Second hand love

SECOND HAND LOVE 

Except for birthdays, Christmas, and one new outfit for the first day of school, I rarely received anything new when I was growing up. 

I remember the first two new things I ever got. Around the same time, I received a new two wheeler bike and a new pillow. Other than being brand new, and not just new to me, they were not otherwise related. I didn’t get them both for a good report card, for instance. Or, way before bike helmets were a thing, did I get the pillow to tie around my head while I learned to ride a bike. 

They were probably months apart and mutually exclusive, but in my mind, they are inexorably related. 

The shiny, GOLD SPARKLY bike was a result of my mother winning a bowling tournament. Apparently she was a great bowler. Not just good - great. Consistent, strong, with aim true and direct. She won this bike, and I remember my parents coming home from the tournament, it must have been a weekend. We were all still outside playing, the dusk approaching. They pulled into the driveway and my dad opened up the trunk and pulled out the bike. The low sunlight glinted on the gold glitter paint. I stood around with my siblings, oohing and aahing. My father glanced up and down the line of us, a 1960’s middle class dad in his pressed shirt and shined shoes, a Colonel Von Trapp of the Chrysler factory. I was called over. I was given the new bike. 

Not my birthday, not Christmas, a brand new bike all for me! 

I didn’t care at the time that it was won, it was free, it was not purchased. I didn’t care that I got the bike because I was the right age and size for it.They didn’t go out and find a bike for me, that would suit me or fit me. It was not a reward or a present. I was basically in the right place and the right time. 

My dad wheeled me around on the grass to help me learn to balance, taught me how to steer, how to stop myself from falling, and how to get back up when I fell anyway.

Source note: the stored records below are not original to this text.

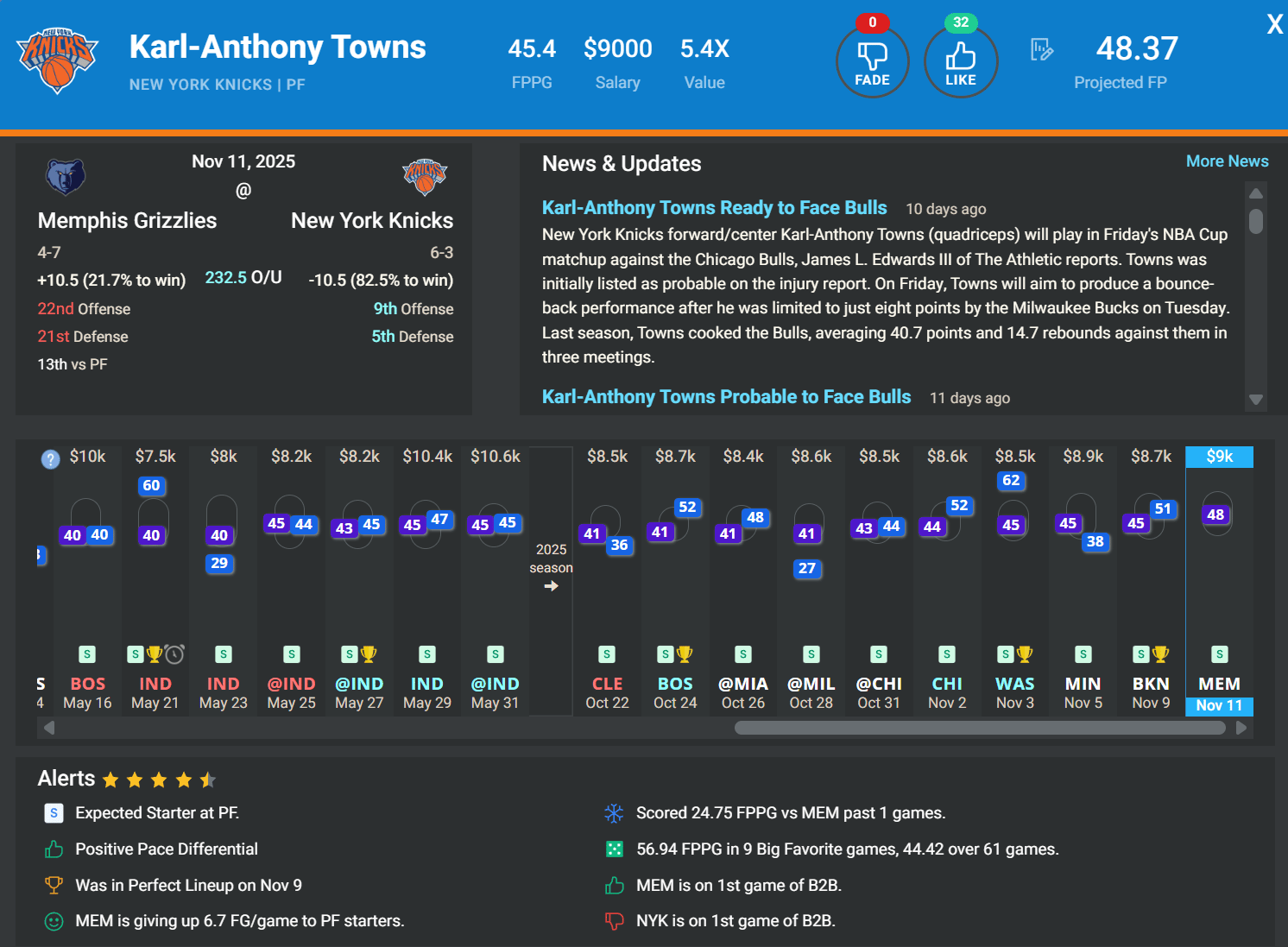 PF Karl-Anthony Towns, NYK | DK: $9k, FD: $8.5k | vs. MEM
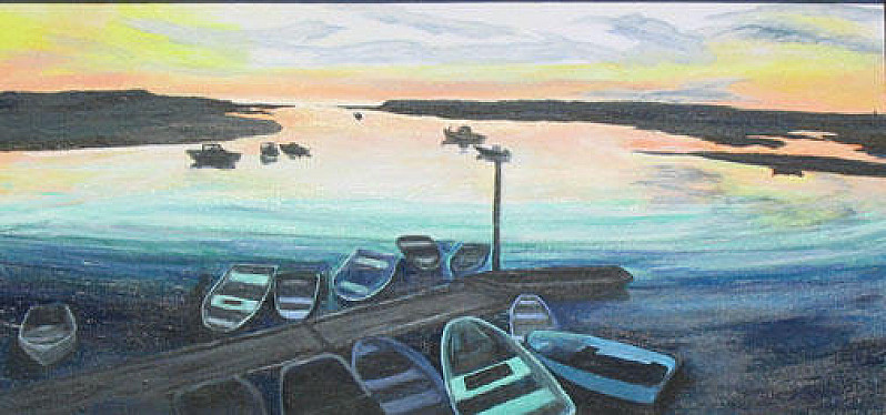 Lisa Anderson-Bisson: (b. 1955) Talented young artist whom we commissioned to paint a view from our condo balcony of Shankpainter Pond and surrounding wetlands. This piece of a sunset at Herring Cove was the first she submitted for art auction sale, and we bought it.
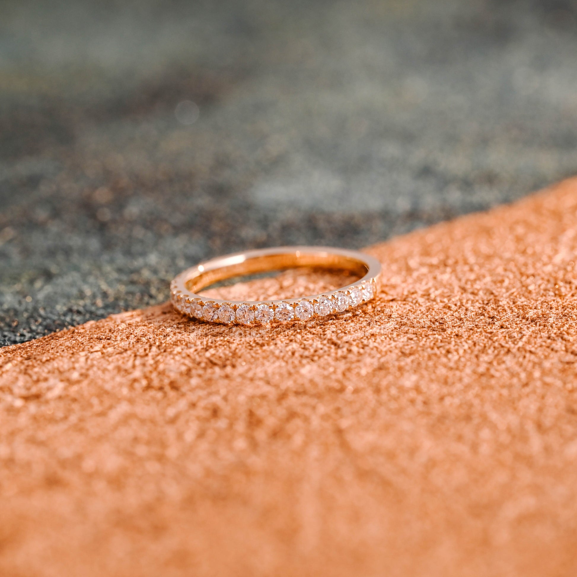 Solid Gold Round Moissanite Wedding Band, Classic Wedding Ring for Woman, Minimalist Dainty Ring, Anniversary Gift for Girl, Woman, Wife
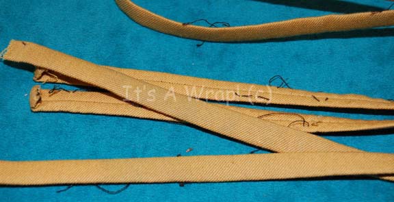 Description: A pair of fabric strips featured on the costume trousers of Starfleet uniforms in Star Trek feature films. The items are folded over and stitched sealed; meant to be sewn onto the outside seam of trousers to indicate the wearer to be a member of the operations division. The items are 43 inches long and retain threads from removal.
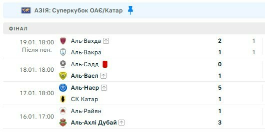 - 17:00. Аль-Райян (Катар) – Шабаб Аль-Ахлі (ОАЕ) – 1:3
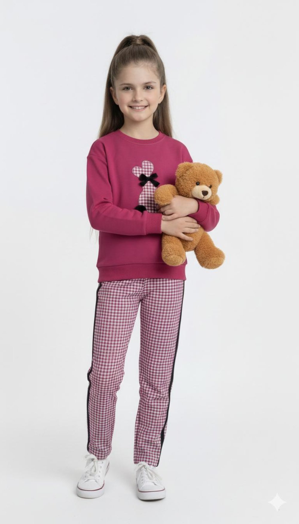 MEVSİMLİK RENKLİ ÜST PONPON TAVŞANLI ALT KARELİ YANLAR ŞERİTLİ TAKIM Fuşya
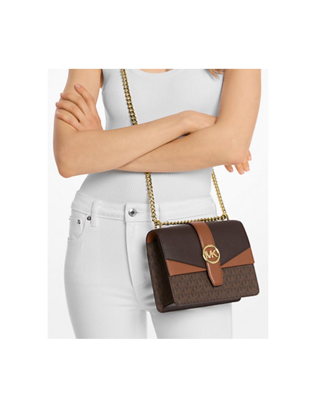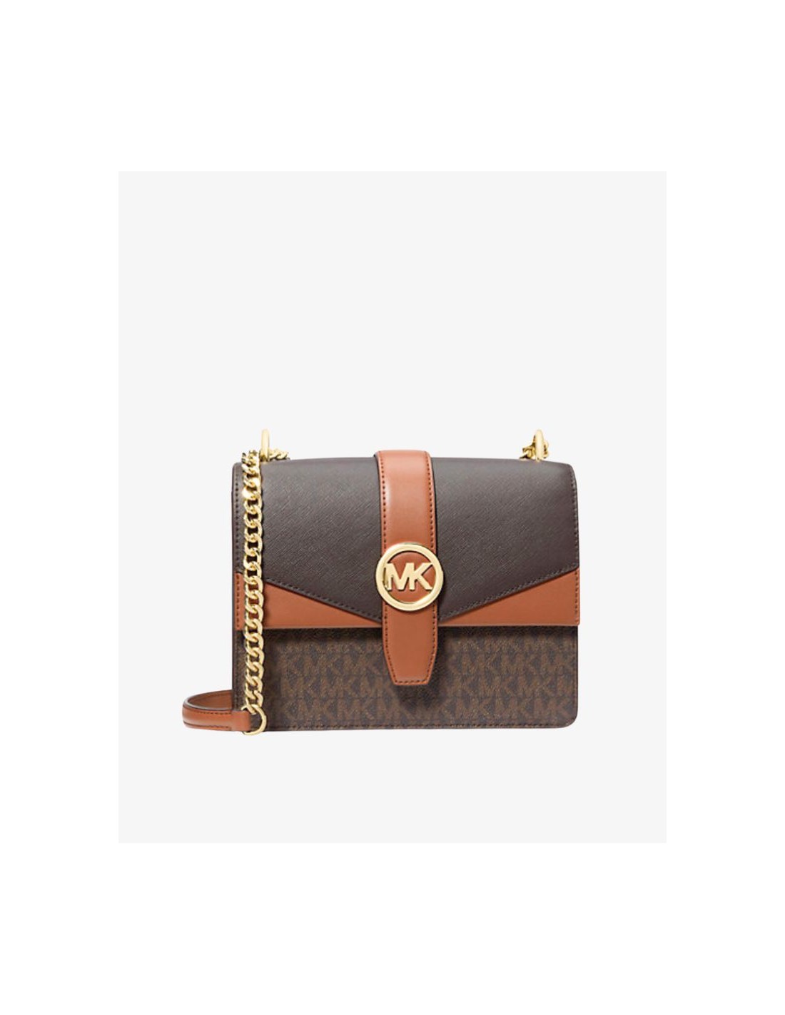 Bolso Michael kors cruzado Greenwich de cuero Saffiano es el toque final definitivo para crear un aspecto pulido. Está diseñado en una silueta estructurada con un elegante cierre de bloqueo de giro y una correa de cadena ajustable en tono dorado: almacena la funda de la tarjeta de su teléfono y las llaves en el interior de bolsillo.
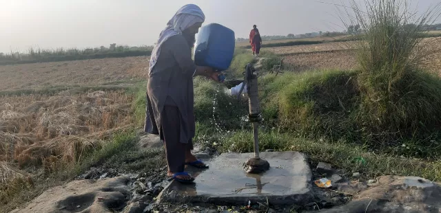 “We used to get fresh water in our homes a long time ago. Unfortunately, water from both the well and the hand pump in our house has turned brackish and there is also an unpleasant smell in the water,” said Abdul Malik, a villager. “My entire family has to walk for miles to get water from the hand pumps set up in agricultural lands. In the summer, we have to go there thrice a week while in winter, we make one trip per week to the pumps to fulfill our drinking needs.”
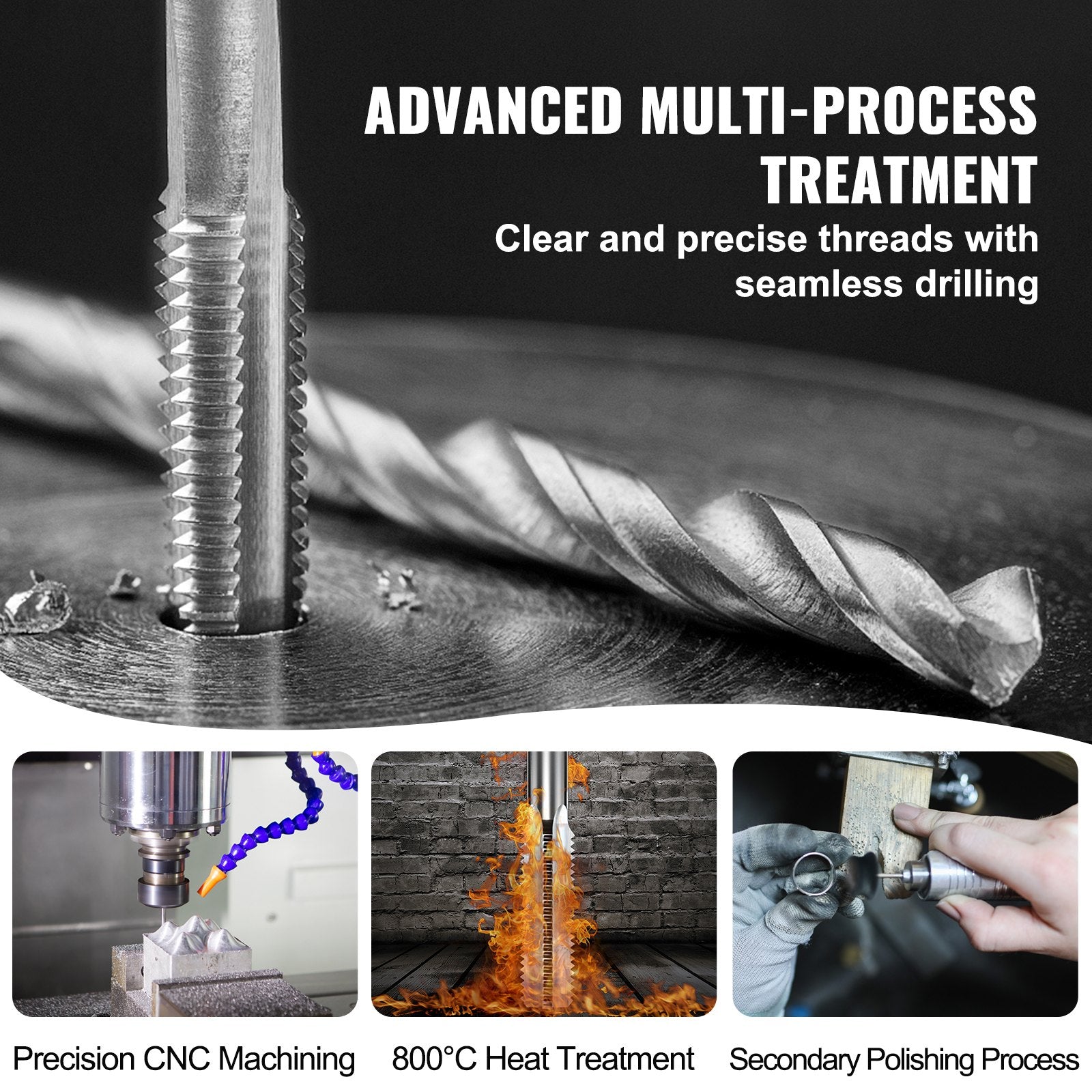 - Oslagbar hållbarhet: Vår gängtapp- och gängverktygssats är tillverkad av högkvalitativt HRC56-härdat lagerstål och hanterar enkelt tunga belastningar och höga tryck. Dess exceptionella slitage- och korrosionsbeständighet gör den till det perfekta valet för att hantera även tuffa arbetsmiljöer.
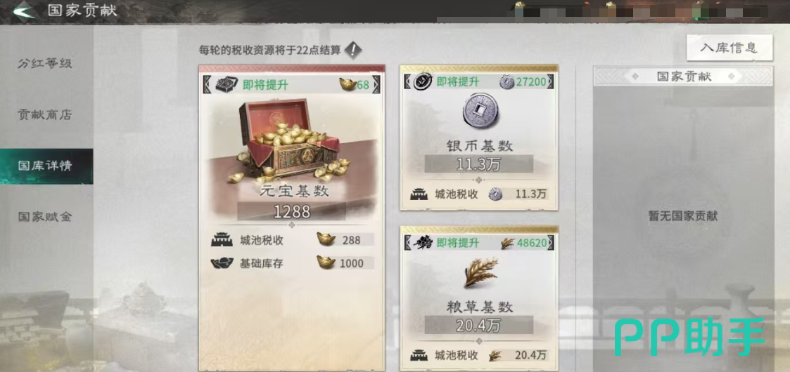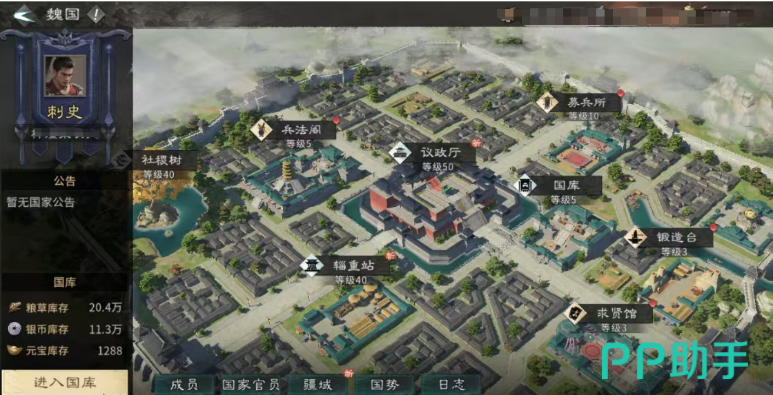 魏国为新入玩家提供了扎实的起步基础。进入国库可见:粮草存量20.4万,元宝1288,银币11.3万。该数值为游戏初始状态实测所得,非临时活动加成,可直接支撑前期征兵、装备制造及日常消耗,大幅降低资源断档风险。建筑方面,议政厅已达50级——作为国家核心,其等级直接影响资源产量加成;社稷树与辎重站同步升至40级,分别强化资源产出效率与物资运输能力。三项关键设施均处于高位,意味着玩家无需耗费大量时间从零建设,即可获得持续稳定的后勤保障。
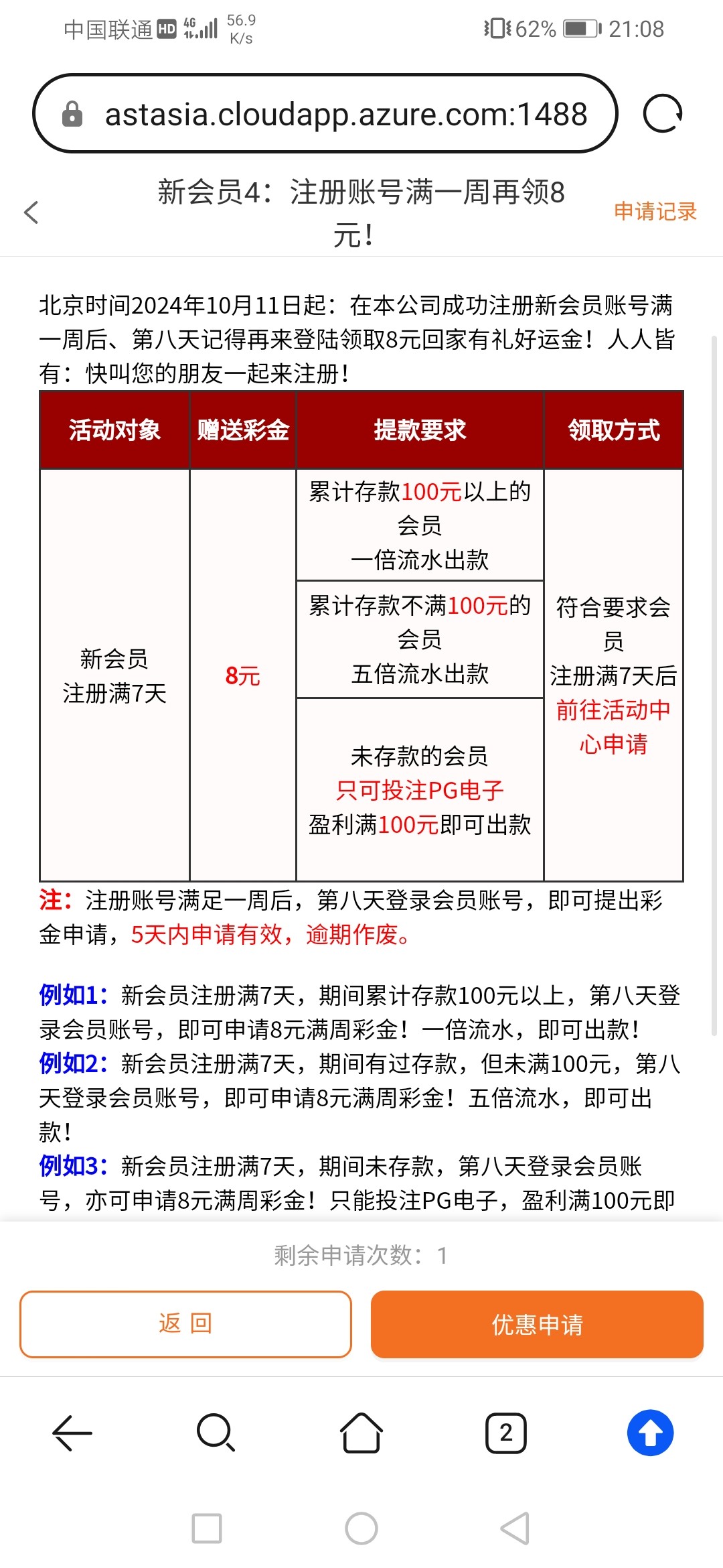 注册满周 即可申请8彩金
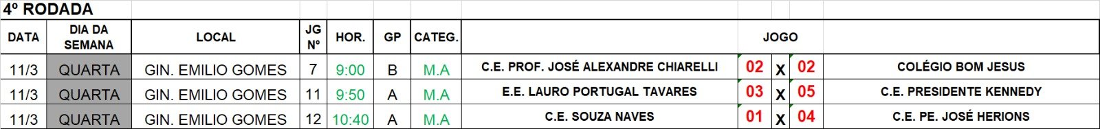 Confira o Boletim Oficial 4, com a tabela, classificação e os próximos compromissos - em anexo.

It’s the only time I really remember riding that bike. Turns out I was slightly too big for it, and it quickly went down the line to the next sibling, and the next, and I moved up to the larger bikes my older sisters had outgrown. 

But for at least one glorious summer evening, bathed by soft light and cooled by the river breeze, I rode a golden bike that was brand new and all mine. 

The pillow was also free. My dad had purchased several new beds all at once. A bonus at work? A tax refund? My mom telling him 6 girls needed more than three beds? Who knows. I remember the bunk beds coming, being set up in the big upstairs bedroom, a double bed set up across the room. I remember the sisters who got the new beds being pretty excited about them. 

As a ‘thank you for your business’, the furniture company had thrown in a couple of pillows. 

So again, it wasn’t as though they bought me a new pillow, thought about it at all, it just showed up, free, and I was next in line. 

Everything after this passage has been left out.